VONMAGZ, Jakarta- DPR Republik Indonesia secara resmi telah mengesahkan Rancangan Undang Undang Cipta Kerja menjadi Undang Undang yang digelar pada hari Senin (5/10/20) di Kompleks DPR Senayan, Jakarta. RUU tersebut tembus paripurna setelah dilakukan 64 kali rapat.setelah. "Kepada seluruh anggota, saya memohon persetujuan dalam rapat forum rapat paripurna ini, bisa disepakati?" tanya Azis Syamsuddin selaku Wakil Ketua DPR yang memimpin sidang paripurna. "Setujuuu" jawab anggota DPR yang hadir saat itu.

Dok : Ichal Chem/Getty Images
Dalam rapat tersebut, mayoritas ada delapan fraksi di DPR yang menyetujui pengesahan RUU Cipta Kerja tersebut. Fraksi yang setuju termasuk PDI Perjuangan, Golkar, NasDem, Gerindra, PPP, PKB, dan PAN. Sedangkan Partai Demokrat dan PKS menolak pengesahan karena dirasa telalu cepat dan terburu buru sehingga pembahasan pasal yang tidak mendalam. Juru bicara Fraksi Demokrat Marwan Cik Asan mengatakan bahwa pengesahan tersebut terlalu kapitalistik. "Sila keadilan sosial ke arah ekonomi yang terlalu kapitalistik dan neoliberalistik. Berdasarkan argumentasi di atas maka Fraksi Demokrat menolah RUU Cipta Kerja. Banyak hal perlu dibahas lagi secara komprehensif agar produk hukum RUU ini tidak berat sebelah, berkeadilan sosial" ucapnya. Ia juga mengatakan bahwa RUU Cipta Kerja dirasa tidak adil karena tidak turut melibatkan masyarakat dan para pekerja.
Dibalik pengesahan RUU yang dirasa telalu cepat tersebut, DPR beserta anggota kini mendapatkan serangan dikarenakan lambatnya mengesahkan RUU PKS (Pengesahan Kekerasaan Seksual) yang sempat dirasa sulit pembahasannya di awal Juli 2020. RUU yang sudah diajukan sejak 2016 tersebut bahkan pembahasannya harus digeser tahun depan dan ditarik dari Prolegnas 2020. Keputusan DPR tersebut dianggap masyarakat mencederai hak perlindungan korban kekerasan seksual padahal angka kekerasan seksual semakin tinggi setiap tahunnya di Indonesia.

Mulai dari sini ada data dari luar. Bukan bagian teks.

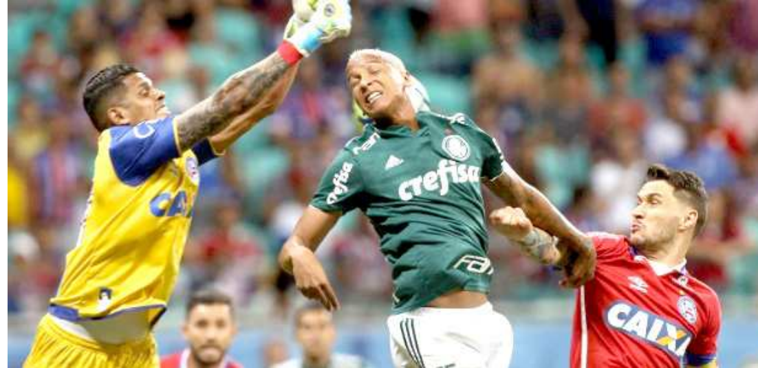
Time de Felipão é favorito diante do tricolor baiano no jogo de hoje, às 19h15, no Estádio Pacaembu

momento. A equipe atravessa um momento favorável, já não leva gols há cinco jogos, e sob o comando de Scolari contabiliza duas vitórias, contra Cerro Porteño (2 a 0) e Vasco (1 a 0), e um empate, diante do América-MG (0 a 0).
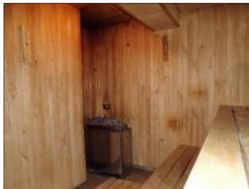
Obr. 40 a 41 Relaxačný bazén s vírivkami a sauna
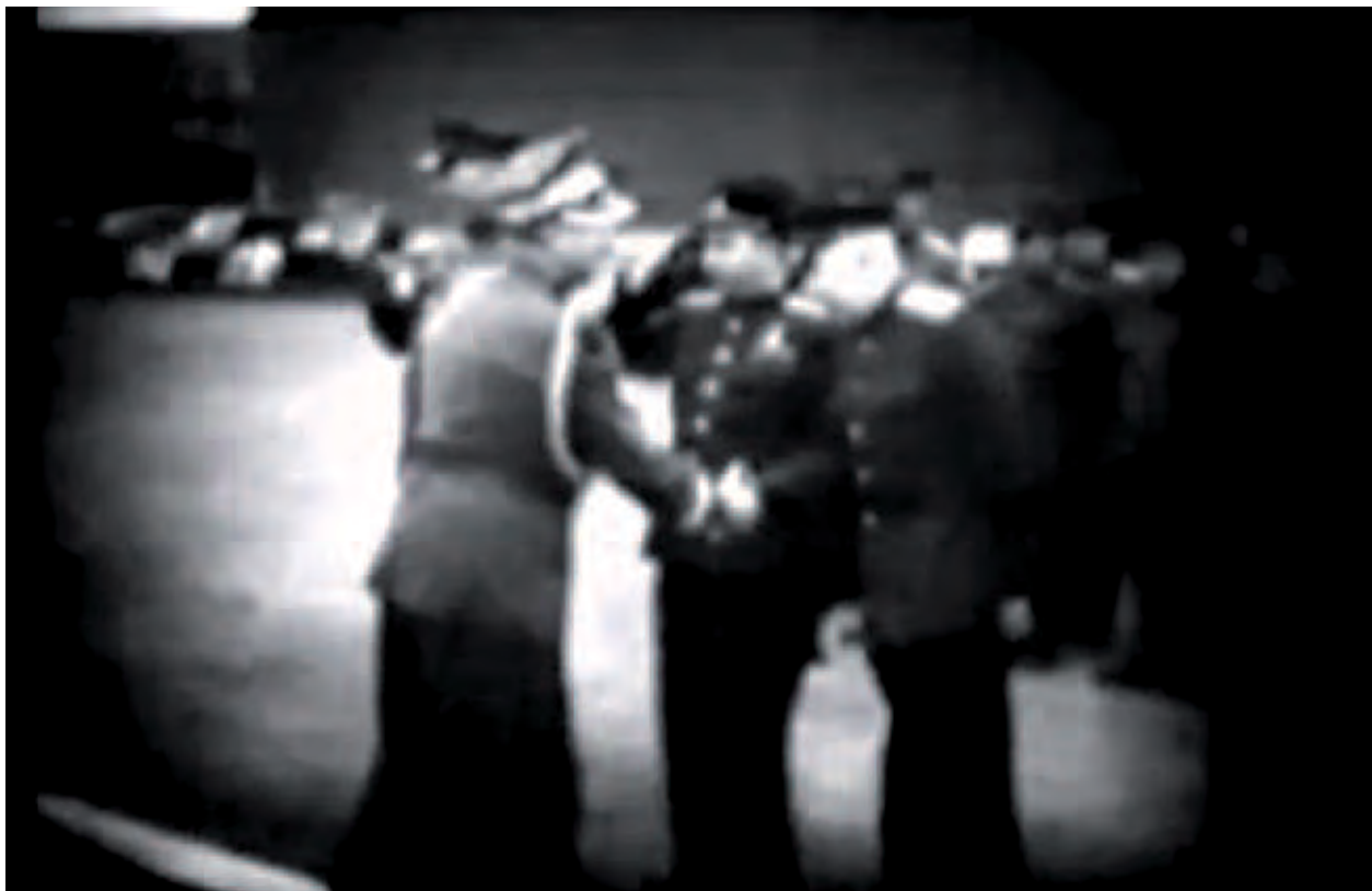
Polnische Offizielle begrüßen die sowjetische Delegation.; Przedstawiciele polskiej administracji witają radziecką delegację; Польские офицеры, приветствуют советскую делегацию; Kadr z filmu: Legnica 1945 r., http://www.youtube.com/watch?v=KQSI2RbKxcQ
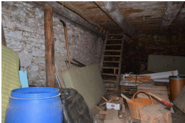
Innenraum Rustico 2 / Interno Rustico 2
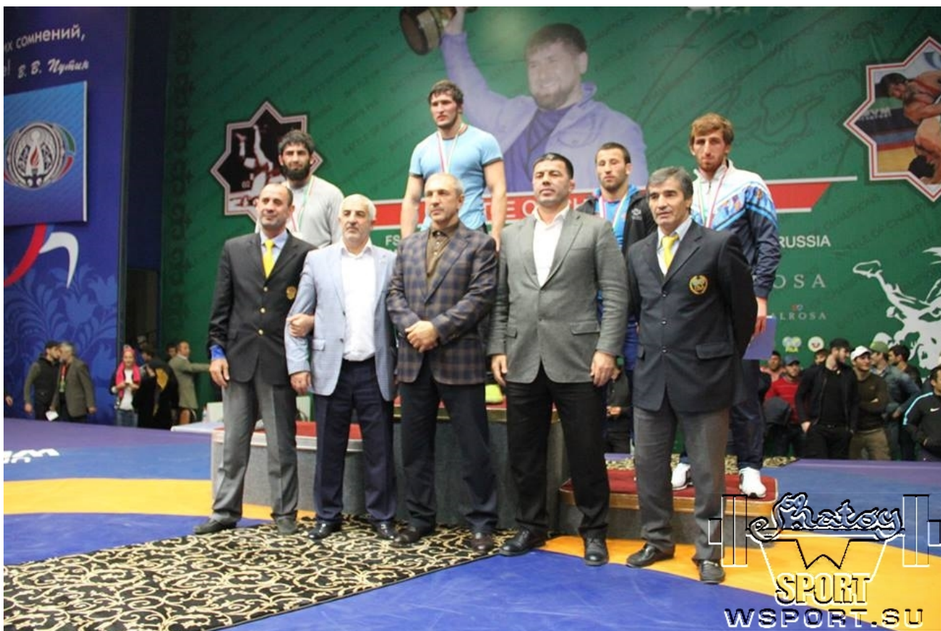
Результаты схваток за призовые места:
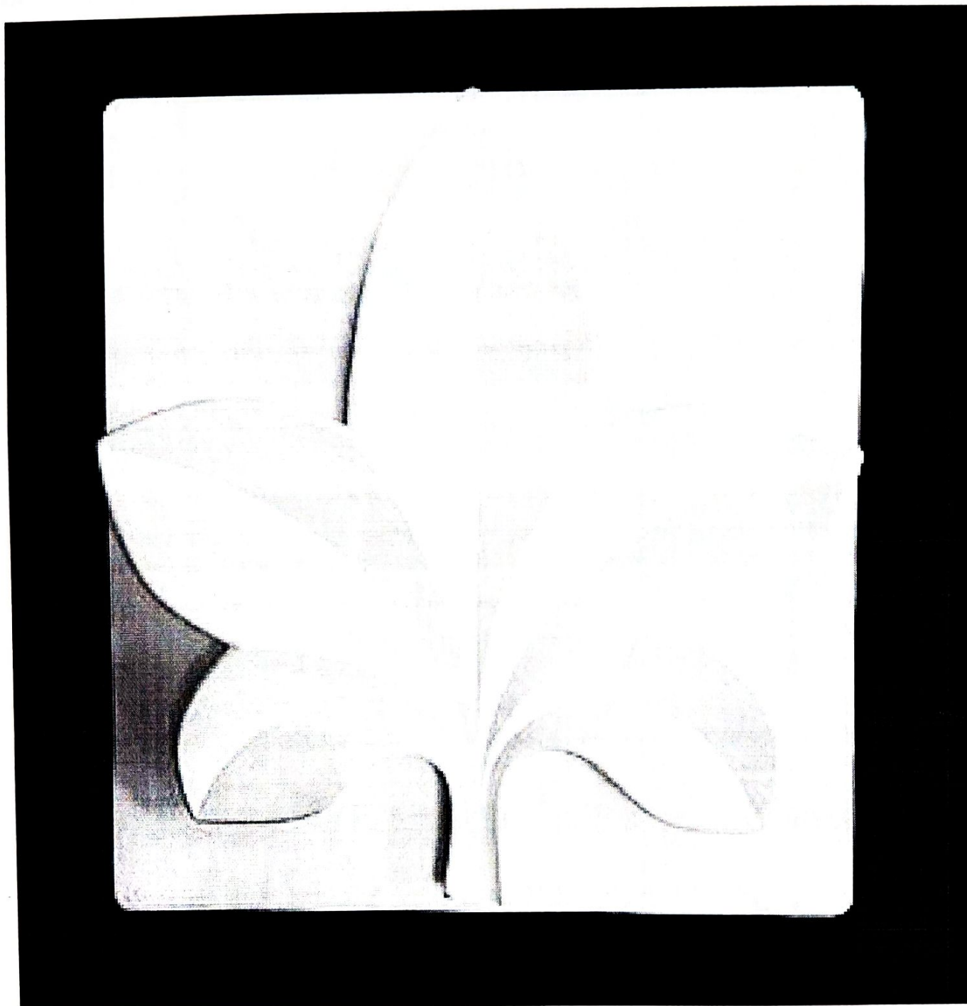
Рис. 1. Приклад гіпсової моделі
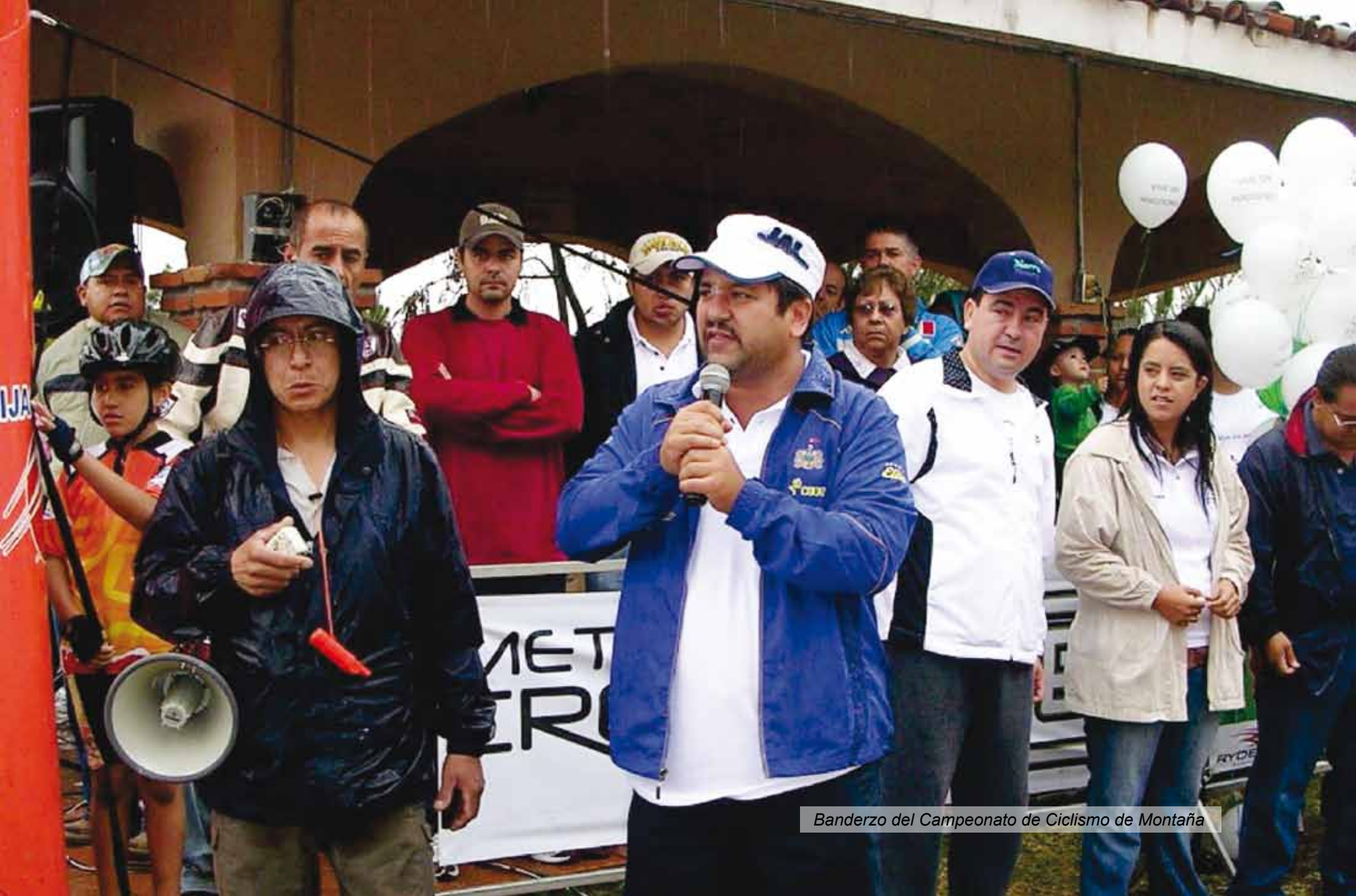
Banderzo del Campeonato de Ciclismo de Montaña
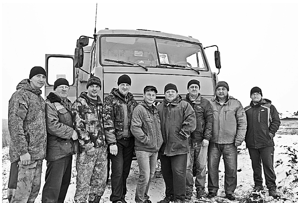
➤ Водители автосамосвалов
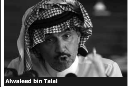
Alwaleed bin Talal

Burada "Delta" şirkətinin nəzarətçisi bir daha onların baqajını və özlərini yoxlayıb. İmamlardan üzr istəyərək onları təyyarəyə göndəriblər. Lakin pilot onları içəri buraxmayıb. "Delta" nəzarətçisi ona başa salmağa çalışıb ki, ağlabatan səbəb olmadan sərnəşinləri reysə buraxmamaq olmaz. Amma danışıqlar nəticə verməyib. Pilot deyib ki, sərnəşinlər bu insanların təyyarədə olmasına narahatlıq keçirir. Halbuki "Delta"-nın meneceri sərnəşinlər arasında kiminsə narahat olub-olmadığını soruşub. Lakin pilotdan başqa heç kim narazılığını bildirməyib. Nəhayət, təyyarə imamlar olmadan uçub.
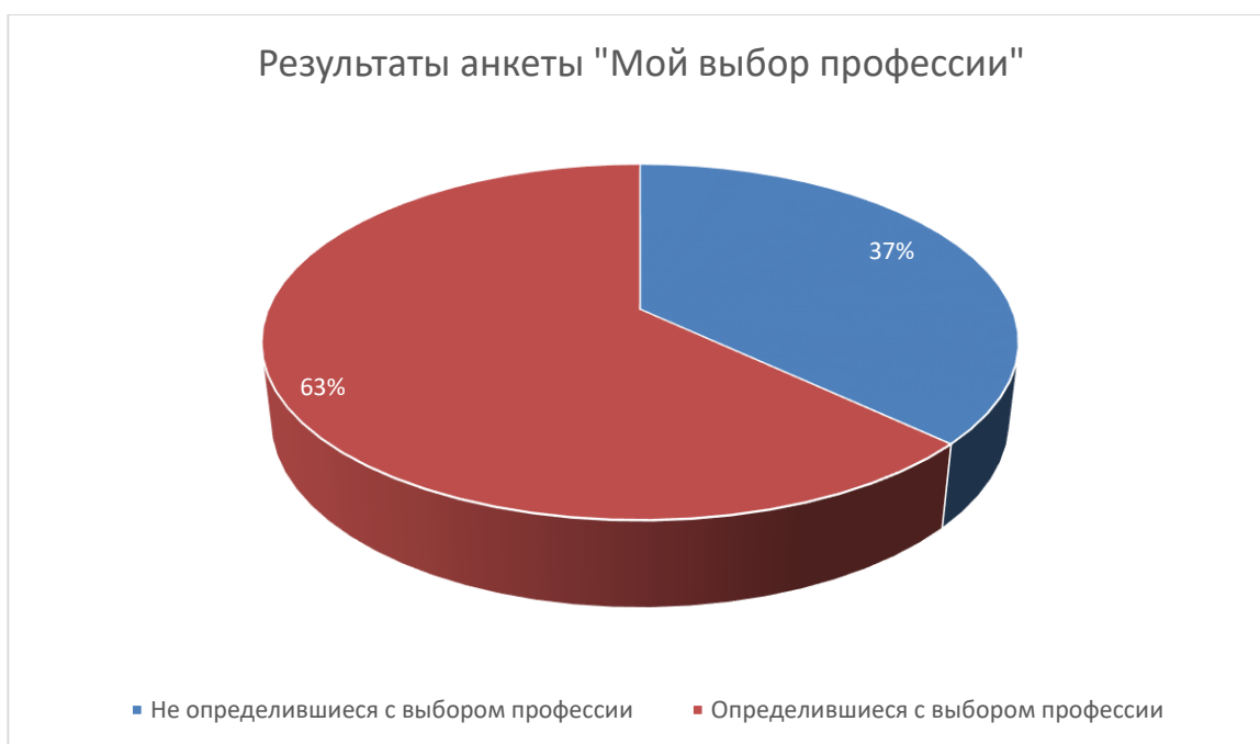
Рисунок 3. Результаты анкеты «Мой выбор профессии»

После обработки результатов анкетирования было выявлено, что 10 из 27 школьников так и не определились с выбором будущей профессии, что составляет 37% от общего коллектива. Казалось бы – меньше половины и тем не менее, это такие же люди, которым в будущем просто придется так или иначе найти свою нишу. Именно поэтому процесс обучения и воспитания старших подростков должен быть направлен прежде всего на сферу самоопределения.
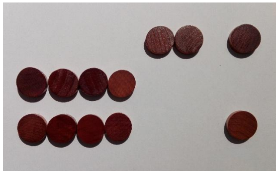
Slika 3: Dvojiška postavitve kupov s tremi, štirimi in petimi žetoni

Postavitve 11_{(2)} , 100_{(2)} , 101_{(2)} iz katere lahko takoj ugotovimo dvojiško vsoto 010_{(2)} .
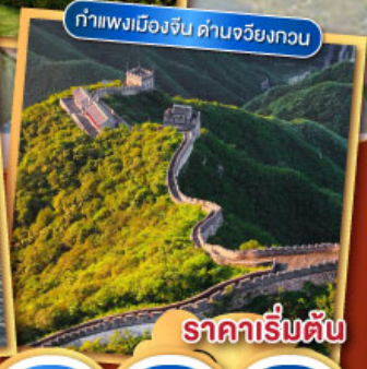
กำแพงเมืองจีน ด่านจวิ๋ยกวน
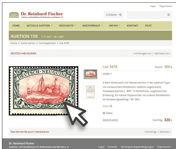
Detailansicht eines Loses
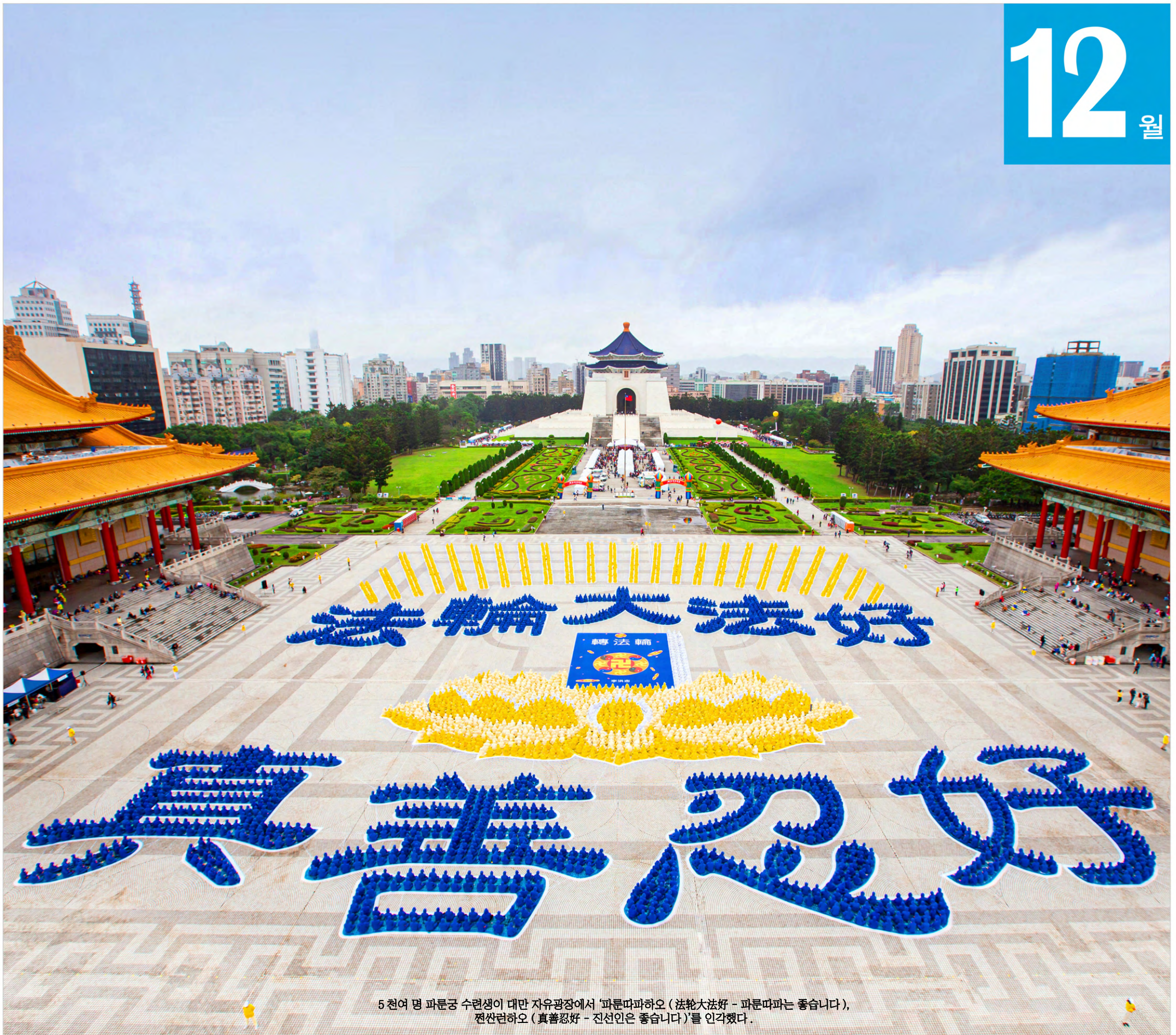
5천여 명 파룬궁 수련생이 대만 자유광장에서 '파룬따파하오 (法輪大法好 - 파룬따파는 좋습니다), 전선런하오 (真善忍好 - 진선인은 좋습니다)'를 인가했다.
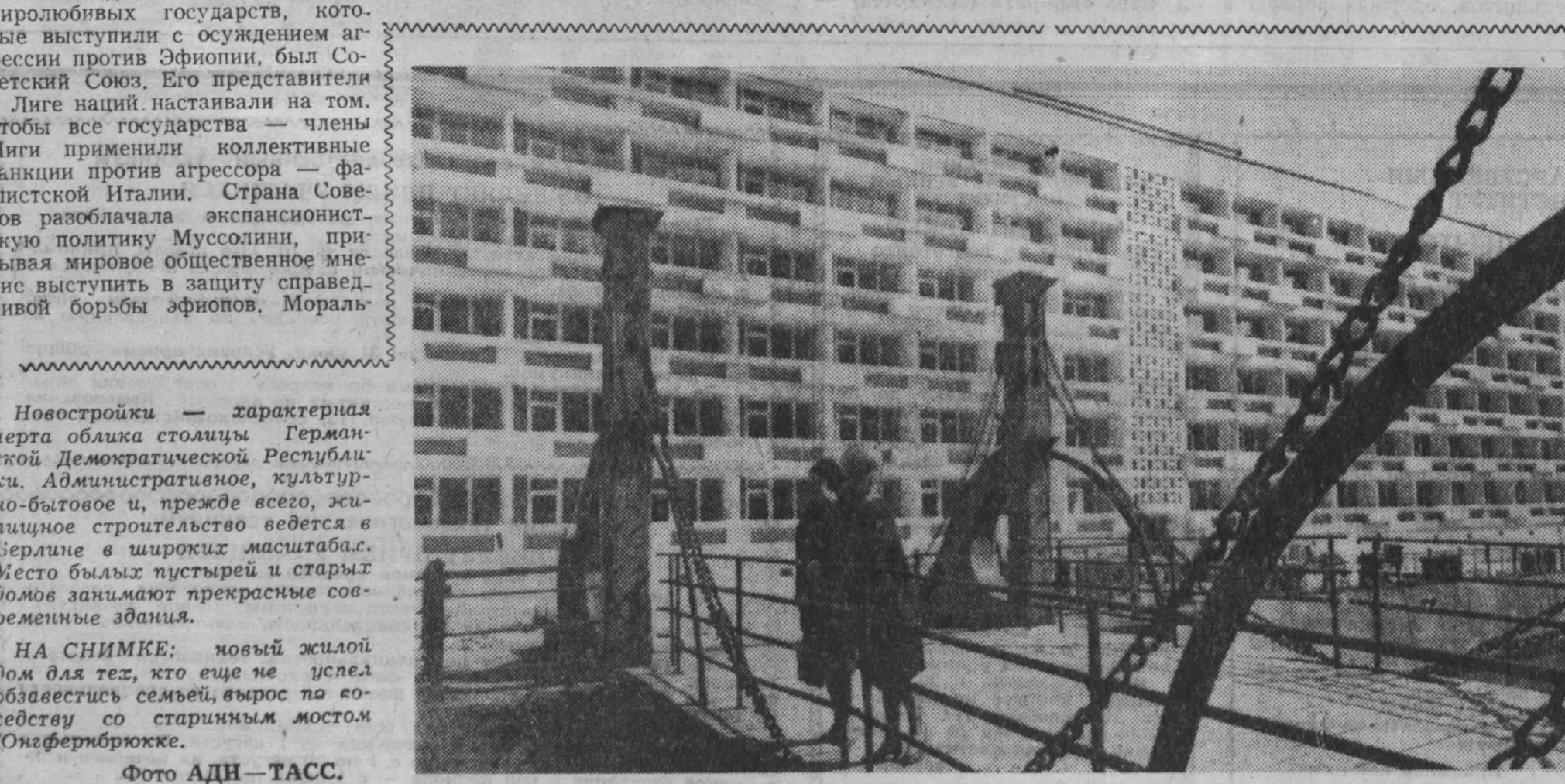
На снимке: новый жилой дом для тех, кто еще не успел обзавестись семьей, вырос по соседству со старинным мостом Юнгфербрюкке.

На Яве сегодня началось извержение еще одного вулкана — Мерани, расположенного в 29-километрах от Семаранга.

Maman Imanulhaq selaku anggota komisi VIII DPR dari Fraksi PKB mengungkapkan bahwa alasan dikeluarkannya RUU PKS dari Prolegnas Prioritas 2020 karena sedang menunggu penyelesaian RUU Kitab Undang Undang Hukum Pidana. Selain itu, adanya kesulitasn pembahasan judul dan definisi kekerasan seksual dan pemidanaan juga menjadi alasan. "Kita memang sedang menunggu pengesahan revisi Kitab Undang Undang Hukum Pidana yang terkait dari sisi penjatuhan sanksi, karena bagaimanapun rancangan KUHP ini akan segera disahkan, lalu RUU PKS bisa masuk dalam prolegnas priotitas" ucap Maman kepada DW Indonesia.